• [THE DATA]:
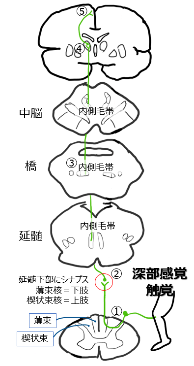 → 内側毛帯(内側毛帯路)を形成し、脳幹(橋・中脳)を上行
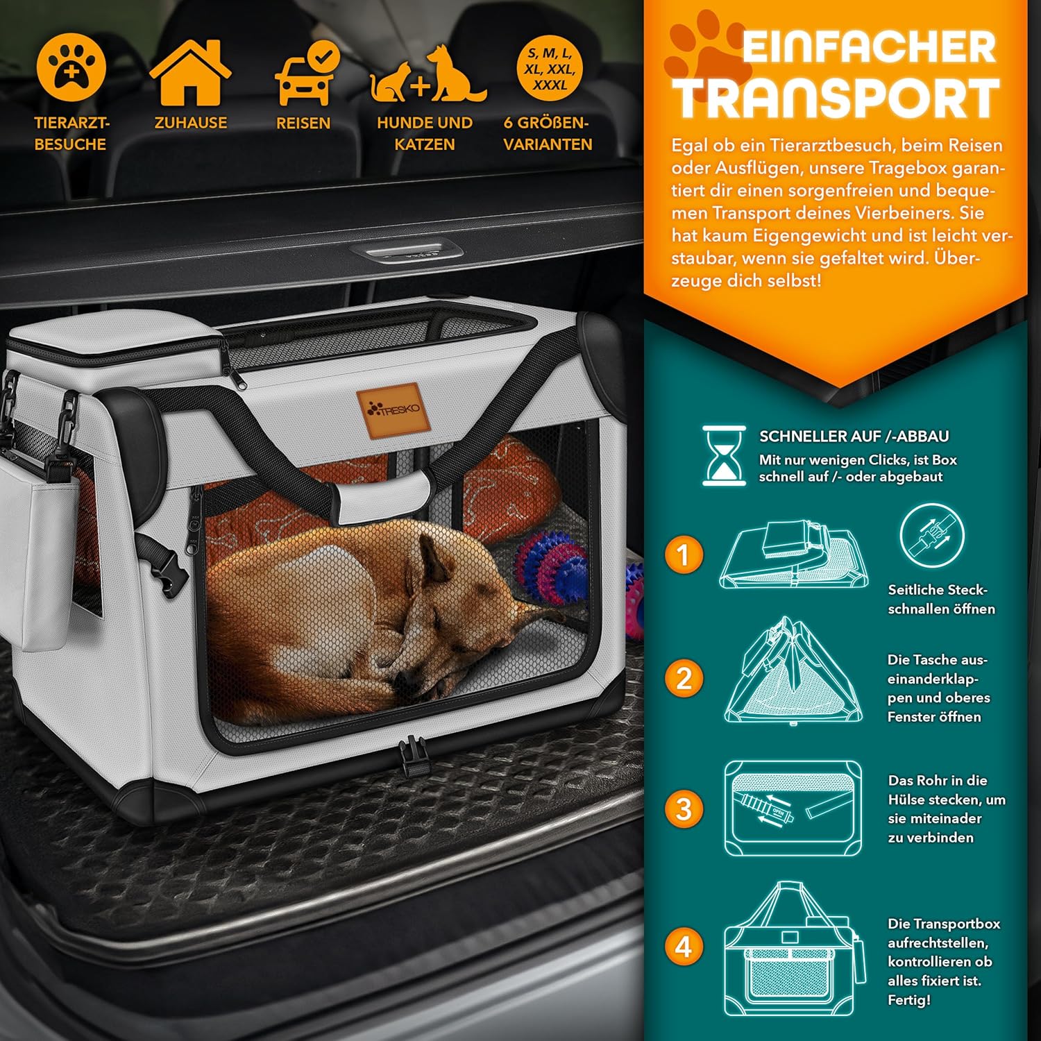 RUIMTE VOOR ALLE MATEN: De hondenmand is opvouwbaar en verkrijgbaar in verschillende maten, waardoor er voldoende ruimte is voor kleine, middelgrote en grote honden of katten. De volledige buitenhoes van de TRESKO hondenmand is afneembaar en machinewasbaar. Vlekken of ander vuil kunnen worden verwijderd met een vochtige doek of borstel.
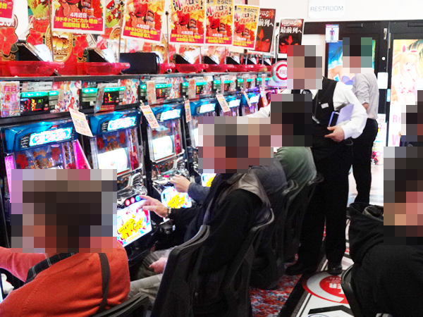 ホール内の様子をみてみると、パチンコ・パチスロコーナーともに稼働率が高く、たくさんのプレイヤーでにぎわっていた。
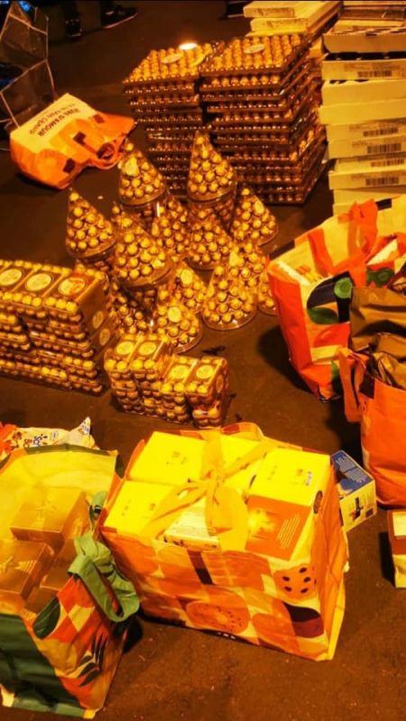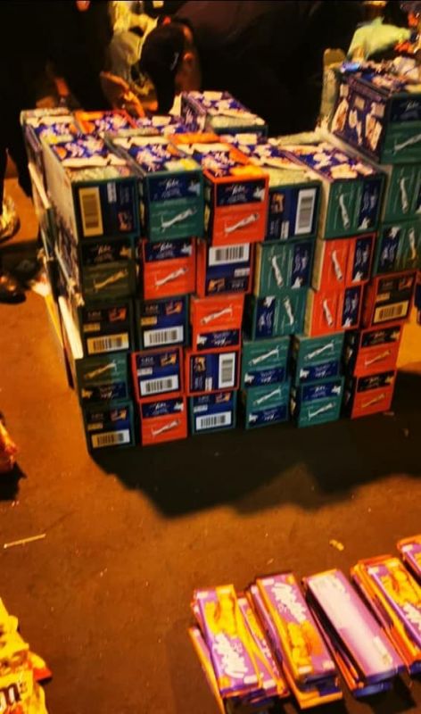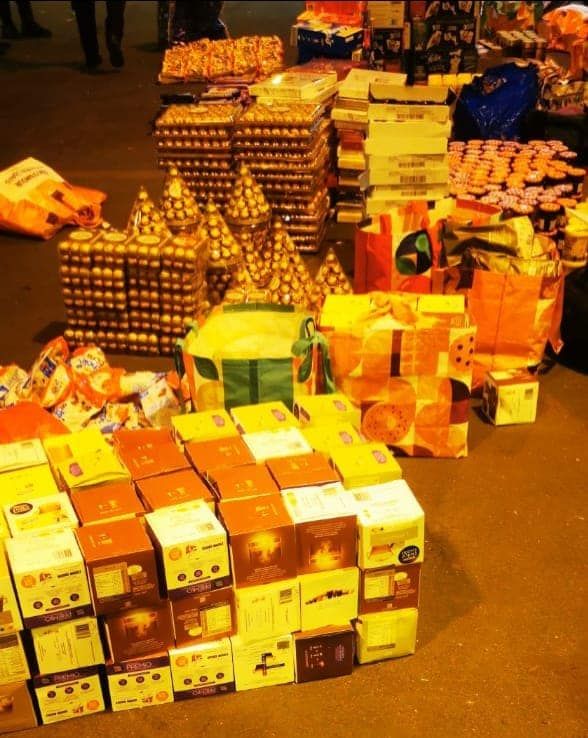 - 1042 علبة شكولاته مختلفة الأنواع والأحجام.
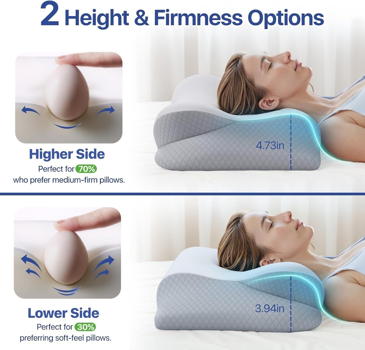 Dual-Height Dual-Firmness Design: High side measures 4.73 inches with medium firmness?ideal for 70% of sleepers, while the low side at 3.94 inches offers a plush feel for the remaining 30%.
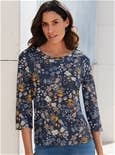 The soft quality of this brilliant print shirt with a floral design looks like the finest knit. 3/4-length sleeves. 95% Polyester, 5% Elastane.
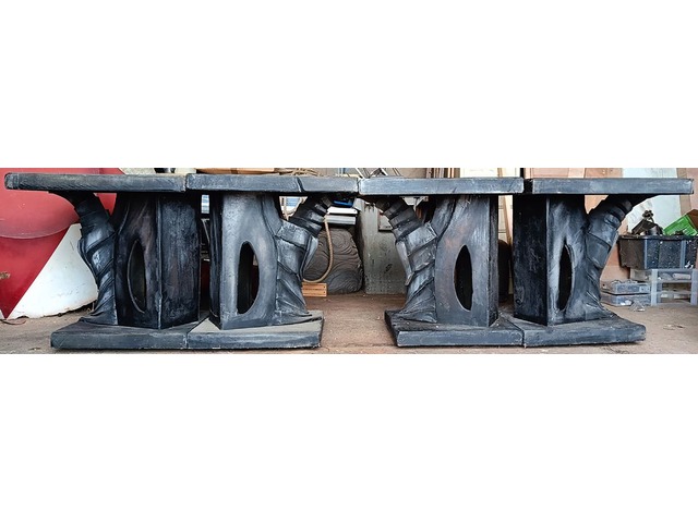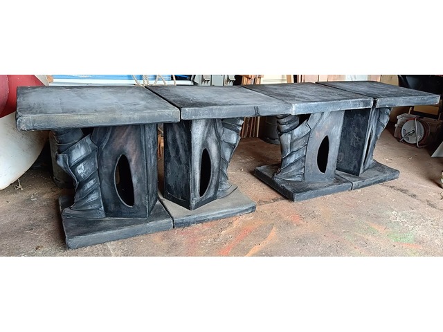 Je propose à la vente ce décor de théâtre composé de quatre éléments autonomes de 80 cm par 80 cm, montés sur des roulettes mobiles. Ils peuvent être agencés selon les besoins ou former une table de 320 cm de long.

• [INSTRUCTIONS FOR THE TASK]: Which lines run from the one holding "Dual-Height Dual-Firmness Design: High" through the end of the records? Reproduce them word for word, both ends included, with no pictures.

• [TASK OUTPUT]:
 Dual-Height Dual-Firmness Design: High side measures 4.73 inches with medium firmness?ideal for 70% of sleepers, while the low side at 3.94 inches offers a plush feel for the remaining 30%.
 The soft quality of this brilliant print shirt with a floral design looks like the finest knit. 3/4-length sleeves. 95% Polyester, 5% Elastane.
 Je propose à la vente ce décor de théâtre composé de quatre éléments autonomes de 80 cm par 80 cm, montés sur des roulettes mobiles. Ils peuvent être agencés selon les besoins ou former une table de 320 cm de long.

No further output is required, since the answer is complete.